Section 3.    Compensation of Committee Members. The Board of Directors shall determine the compensation to be paid to each member of any committee appointed by it for service on such committee, provided that no such compensation shall be paid to any committee member who shall at the time be receiving a salary from this Corporation or any of its subsidiaries as an officer thereof.


ARTICLE V
Officers

Section 1.    Executive Officers. The executive officers of this Corporation shall be a Chairman of the Board, one or more Vice Chairmen, a President, one or more Executive Vice Presidents and one or more Senior Vice Presidents, all of whom shall be elected by the Board of Directors; provided, however, the Board may elect a non-executive as Chairman of the Board from time to time in its discretion. All Vice Presidents, a Secretary, a Treasurer, a Controller and an Auditor shall also be elected by the Board of Directors but shall not be deemed executive officers.
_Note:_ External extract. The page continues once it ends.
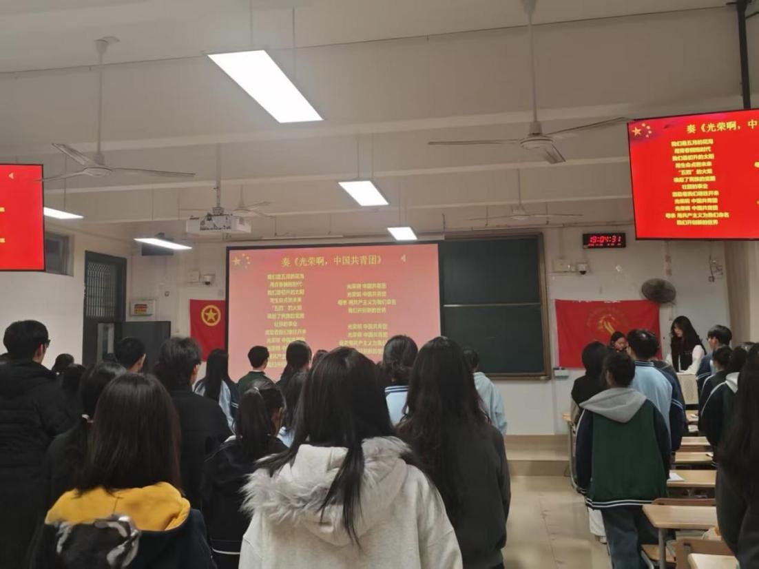 活动在庄严的团歌声中拉开帷幕。全体师生肃立齐唱《光荣啊,中国共青团》,激昂的旋律点燃了全场气氛,展现出青马学员奋发向上的精神风貌。主持人随后介绍了本次理论学习的背景与目标,强调本次课程是深化理论武装、强化使命担当的重要环节。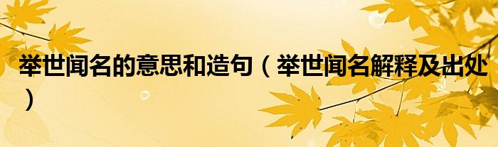 1、举世闻名的[j[jshwn Ming][][解释]全世界:全世界。全世界都知道了。非常有名。

The Chairman of the Board shall be chosen from among the directors; any person may hold two or more offices, except the offices of Chairman of the Board and Secretary, or President and Secretary.

Section 2.    Subordinate Officers. The President may appoint such other assistant officers as he may deem necessary from time to time, and such individuals so appointed by the President shall serve at the pleasure of the President and shall have such authority and shall perform such duties as the President from time to time may prescribe.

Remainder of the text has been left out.